Jose Mourinho's first season at the helm would come down to the 64th and final game of a testing and gruelling campaign in Stockholm.
In a game played with a backdrop of unspeakable tragedy that rendered this match irrelevant - but also so much more important - in so many ways, it was still one that would define how both Jose and the team's season would be judged upon.
Defeat to Ajax in the Europa League final, sixth place in the league and only an EFL Cup to show for it, would count as a failure given expectations and expenditure after being appointed as Louis van Gaal's successor.
If United won then Mourinho would be seen as the man who once more guarantees success with two major trophies secured and a place back at Europe's top table in the Champions League.
As he has done so many times before, Jose took the winning option as United overpowered a talented but lightweight Ajax side to give the season, and thousands of celebrating Reds, a warmer glow.

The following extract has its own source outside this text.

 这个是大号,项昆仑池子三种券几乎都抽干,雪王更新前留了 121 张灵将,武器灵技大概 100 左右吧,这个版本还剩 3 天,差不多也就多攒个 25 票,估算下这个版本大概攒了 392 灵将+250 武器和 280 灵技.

It also provided a mourning and heartbroken city with cause for a measured and respectful outpouring of joy after 22 people were killed and many more injured at the Arena only 48 hours before.

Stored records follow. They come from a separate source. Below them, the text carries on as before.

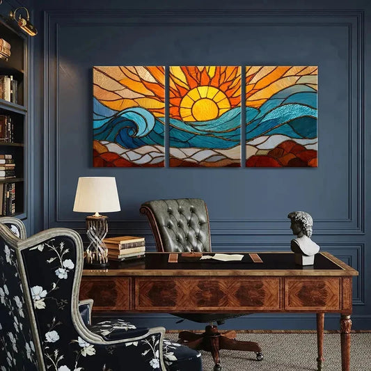 3pcs Stained Glass Sun Ocean Waves Beach Metal Print Ready to Hang Art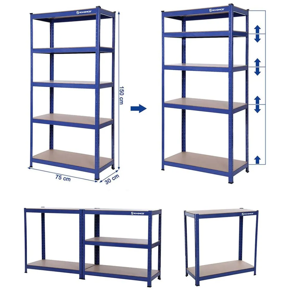 Werkzeugregale<SONGMICS 2er Set Schwerlast-Regal 150 cm hoch blau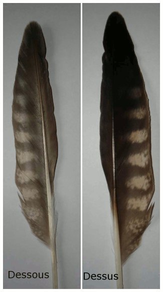 Plume trouvée le même jour au pied de la tour Nord. On remarque que le bord est plutôt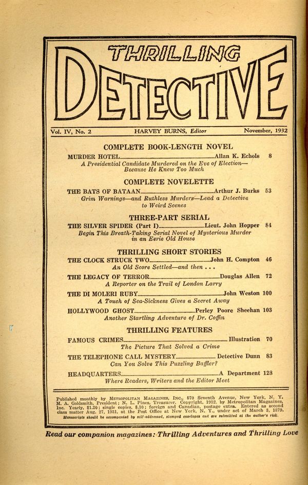 Volume 4, Issue 2 - November, 1932. 6.75" x 9.75", 132 pages, B&W. Cover price $0.10. Grade: GD 2.0 explanation of grade Condition: Used (collectible)

This was a night high on emotion following those tragic events in Manchester and also an occasion in which Mourinho's bond with the United fans was sealed.

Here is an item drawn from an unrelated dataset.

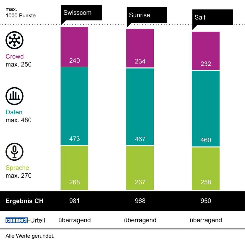 Bereits zum sechsten Mal in Folge erzielt die Swisscom den Gesamtsieg in der Schweiz. Der Anbieter erreicht 981 von 1.000 möglichen Punkten und damit die Note „überragend“. Swisscom ist führend in den Testdisziplinen Sprache, Daten und Crowdsourcing. Sunrise folgt mit 968 Punkten und erhält ebenfalls die Note „überragend“. In der Sprachdisziplin liegt der Anbieter nur einen Punkt hinter Swisscom; auch die Leistungen in den anderen Testdisziplinen sowie bei der 5G-Abdeckung sind überzeugend. Mit 950 Punkten erhält auch Salt zum ersten mal die Note „überragend“. Der Anbieter erzielt Top-Leistungen in der Daten-Kategorie, aber auch bei den Sprach-Bewertungen. Alle Anbieter haben sich im Vergleich zum letzten Jahr verbessert.

He has occasionally looked a man ill at ease, not helped by a mixed bag of performances and results.
Jose gambled on winning this trophy to get us back into the Champions League, viewing a tournament win as more noteworthy than merely finishing third or fourth in the league.
The fight for a place in the league's top four was given up weeks ago as he concentrated on a tournament that he once derided to win a spot against Europe's elite.
It was a gamble that paid off and one that means the club's summer strategy can be built around transfer targets that we can afford and also offer the lure of the Champions League again.
We still managed to sign Paul Pogba for a world record fee and added the coup of Zlatan Ibrahimovic without that enticement last summer.
But Mourinho and the club's decision makers knew that an offer without Europe's top level tournament would result in diminishing returns - both financially and personnel.
Victory over Ajax was always going to be crucial for Mourinho's short-term ambitions, and he can now plan for the future with optimism.
The prospect of signing much-linked number one target Antoine Griezmann would have been non existent without the Champions League, but hopes of landing the French international are now significantly enhanced.
This was not just a match for Mourinho's standing and reputation, the stakes were incredibly high for our team and the city - and the players did not let us down.